AGENCE COMMERCIALE – L’articulation entre la résiliation du contrat pour faute grave et l’octroi d’un délai de préavis

Type

Veille juridique

Date de publication

12 octobre 2023

Cour d’appel de Rennes, 20 juin 2023, RG 21/04515

Dans un arrêt du 20 juin 2023, la Cour d’appel de Rennes admet que l’octroi d’un préavis à l’agent commercial n’exclut pas, par principe, l’existence d’une faute grave qui lui est imputable.

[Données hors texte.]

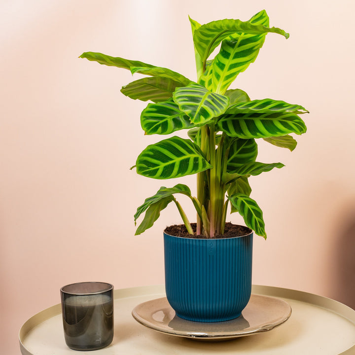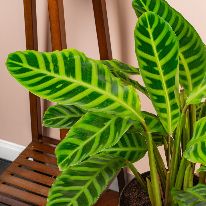 Introducing the exquisite Calathea Zebrina, a captivating addition to your indoor plant collection, certain to infuse any space with a touch of elegance. With its striking, elongated leaves featuring a mesmerising pattern of deep green stripes on a lighter green background, this graceful plant adds a sense of refinement to your home or office.

En l’espèce, une mandante notifie à son agent commercial, la rupture de son contrat, en lui reprochant plusieurs fautes graves. Cependant, elle lui accorde un délai de préavis de 3 mois. Suite à cette notification, l’agent commercial, qui exerce sa profession au sein de société LVD en tant que dirigeant, réclame le versement de l’indemnité compensatrice de fin de contrat à la société mandante. Cette dernière refuse de répondre à ces demandes. Dès lors, la société LVD assigne la société mandante devant le Tribunal de commerce de Nantes, aux fins d’obtenir le règlement de l’indemnité de fin de contrat, ainsi qu’une indemnité liée aux 16 jours de préavis manquant.

Par une décision du 28 juin 2021, le Tribunal de commerce déboute la société LVD de ses demandes d’indemnités de fins de contrat et de préavis. Par conséquent, la société LVD interjette appel.

La société LVD fonde principalement sa demande sur l’article L. 134-12 du code de commerce qui dispose qu’« en cas de cessation de ses relations avec le mandant, l’agent commercial a droit à une indemnité compensatrice en réparation du préjudice subi ». La société invoque également l’article L. 134-11 du code de commerce relatif aux modalités de calcul de la durée du préavis.  La mandante s’oppose à ces demandes en invoquant la faute grave commise par l’agent commercial. Elle s’appuie sur l’article L. 134-13 1° qui dispose que l’indemnité prévue à l’article L. 134-12 n’est pas due lorsque « la cessation du contrat est provoquée par la faute grave de l’agent commercial ».

La question dont était saisie la Cour d’appel de Rennes est celle de savoir si l’octroi d’un préavis par la mandante exclut d’office la résiliation du contrat de l’agent commercial pour faute grave. Ensuite, en cas de compatibilité entre la faute grave et l’octroi d’un délai de préavis, la question se pose de savoir si ce préavis doit être fixé conformément à l’article L. 134-11 du code de commerce.

Sur la première question, la Cour d’appel répond par la négative. Tout d’abord, comme les juges de première instance, elle reconnait l’existence d’une faute grave de l’agent commercial. En l’espèce, cette faute grave est caractérisée par le désintérêt de l’agent commercial envers sa mission, par son attitude, ses propos vulgaires et agressifs à l’encontre des employés de la mandante ainsi que par ses critiques permanentes à l’égard de la politique commerciale de cette dernière.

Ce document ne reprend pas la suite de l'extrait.